Judge, Supreme Court of Fiji
- In office 24 April 2012 – 23 January 2014
- Appointed by: Epeli Nailatikau

President of the Court of Appeal of Sri Lanka
- In office 24 June 2011 – 23 January 2014
- Appointed by: Mahinda Rajapaksa

Judge of the Court of Appeal of Sri Lanka
- In office 30 June 2004 – 23 January 2014
- Appointed by: Chandrika Kumaratunga

Personal details
- Died: 23 January 2014 (aged 60) Colombo, Sri Lanka
- Alma mater: Manipay Hindu College Colombo Hindu College University of the West Indies
- Profession: Lawyer
- Ethnicity: Sri Lankan Tamil

= S. Sriskandarajah =

Justice Sundaram Sriskandarajah (சுந்தரம் சிறீஸ்கந்தராஜா, c. 1953 – 23 January 2014) was a leading Sri Lankan Tamil lawyer and judge.

==Early life==
Sriskandarajah was educated at Manipay Hindu College and Colombo Hindu College. He received a Master of Laws degree from the University of the West Indies, Barbados.

==Career==
Sriskandarajah became an attorney at law of the Supreme Court of Sri Lanka on 9 September 1979. He joined the Attorney-General's Department in 1981 as a State Counsel. He was promoted to the Senior State Counsel rank in 1995.

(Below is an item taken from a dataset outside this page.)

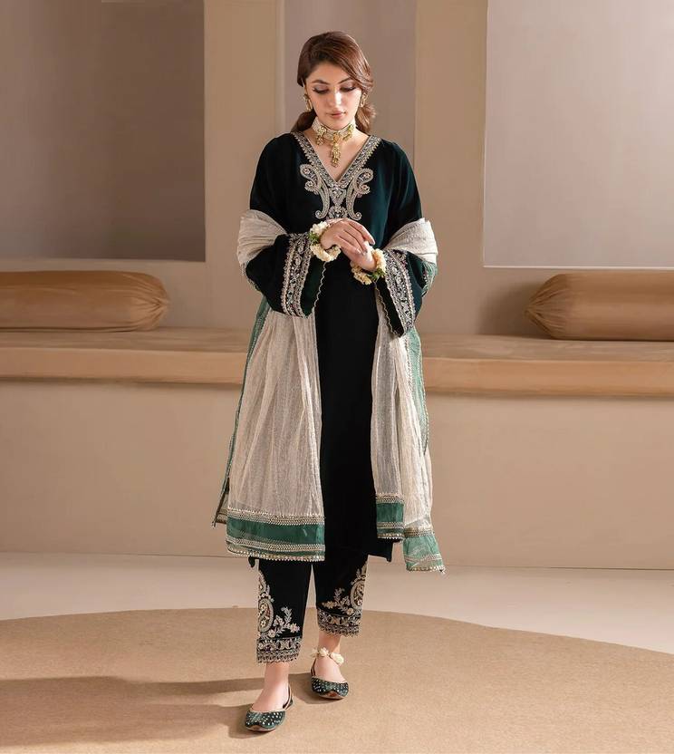 Crafted from high-quality Velvet fabric, this set can offer a luxurious feel and drape that enhances your overall appeal. The material can not only be comfortable but also exceptionally durable, making it a long-standing inclusion in your collection. Also, it may involve hassle-free maintenance, retaining its appearance through seasons and being a favourite for your busy self. Moreover, its understated comfort can make it an appropriate option for long and exhausting events.

Sriskandarajah joined the judiciary in 1998 as the high court judge in Vavuniya. He also served as a high court judge in the Western Province. He was appointed to the Court of Appeal in June 2004. He became the court's president in June 2011. He was appointed as a justice of the Supreme Court of Fiji in April 2012. In January 2013 Sriskandarajah headed the Court of Appeal sitting which quashed the Parliamentary Select Committee's findings in respect of the impeachment of Chief Justice Shirani Bandaranayake. Sriskandarajah and a fellow Court of Appeal judge Anil Goonarathne subsequently received death threats. In April 2013 President Mahinda Rajapaksa appointed Rohini Marasinghe, who was the third most senior judge on the Court of Appeal, to the Supreme Court, ignoring Sriskandarajah who, as President of the Court of Appeal, should have been appointed according to tradition.

Sriskandarajah fell ill in September 2013 after returning to Sri Lanka from the Commonwealth Judges’ Conference in the UK. He died on 23 January 2014 aged 60 at a private hospital in Colombo. His funeral took place on 26 January 2014 at the General Cemetery, Borella.